モニタではベルリン・フィルの素晴らしい演奏(とその映像)。
そんななか読むフランスの翻訳文庫。
自分が蓮實重彦になった気分がすごくする。
閑話休題。
(人のゴシップや噂について「「知りません」というこの簡単なひこことをいつも口にするように心がけたら、世間の会話の平均的価値はおどろくほど向上することだろう」(26)
「情報は教養ではないのである。教養人の頭の中では、個々の事実が有機的に結びつき、一つの生きた世界をつくり、それが現実世界の映像となる」(48)
「行動する人にとり、思考は行為と一体になっている」(48)
「しかしもっと強い恋をする人たちは、必要に応じて自分を新しくすることを知る」(84)
「人生の戦術もまた、攻撃点を一つえらび、そこに力を集中することにある」(102)
「そしていったん決定を下したら、「実行に移れ!」である。後悔は無益であり、変更にはきりがない」(103)
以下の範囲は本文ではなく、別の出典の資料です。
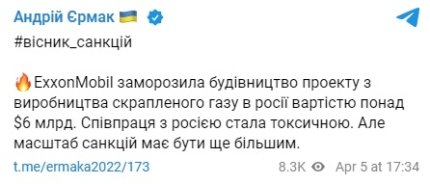 Нельзя не упомянуть о том, что ExxonMobil еще 1 марта 2022 года официально заявила, что выходит из проекта "Сахалин-1", которым она управляет от имени международного консорциума японских, индийских и российских компаний.

「汝のいまなすべきことをなせ。一心こめてそれにかかれ。全身全霊を目的と|するものに捧げよ。その目的を達したあかつきには、歩いてきた道を立ちもどって、先に横切ったもう一つの道を歩くのもよかろうし、あたりの景色を眺めるのもよかろう。だが仕事ができ上がらないかぎり、道草は許されない」(103-104)
●教育について
「生徒の仕事の第一は、勉強するくせをつけることである。精神を養うまえに、まず意志の力を養わなければならない」(27)
「苦労せずに覚えたことは、すぐに忘れてしまうものだ。同様の理由で、生徒自身は何もしなくともいいただ講義だけの授業は、まずほとんどつねに意味がない。若い頭脳の上を空滑りするだけである。聴くことは勉強することではない」(128)
「アランが述べているとおり、教育は断固として時代おくれでなければならない」(130)
「傾聴すべきはゲーテの言葉である。いわく、「心穏やかで、なすべきことが決まってるときには、孤独はいいものだ。」したがって、孤独を求める前に、その孤独の中でなすべき務めをはっきりさだめることがだいじである」(140)
「命令のいちばん大事な点は、明快さである」(247)
「人は、うまく指図さえすれば、その指図を受け入れるものだ。指図されるのを望むものだ、とさえいえる」(184)
「指導者は、みずからをその地位にふさわしいものにするよう日々努めてこそ、その権力を保つことができるのである」(195)
●解説より
「「仕事」の中にこそ、「生きる技術」の精髄がある」(284)
追記
・フランスやアメリカの文章は、事例が具体的に出てくる。
この表現法を私も学びたいと思う。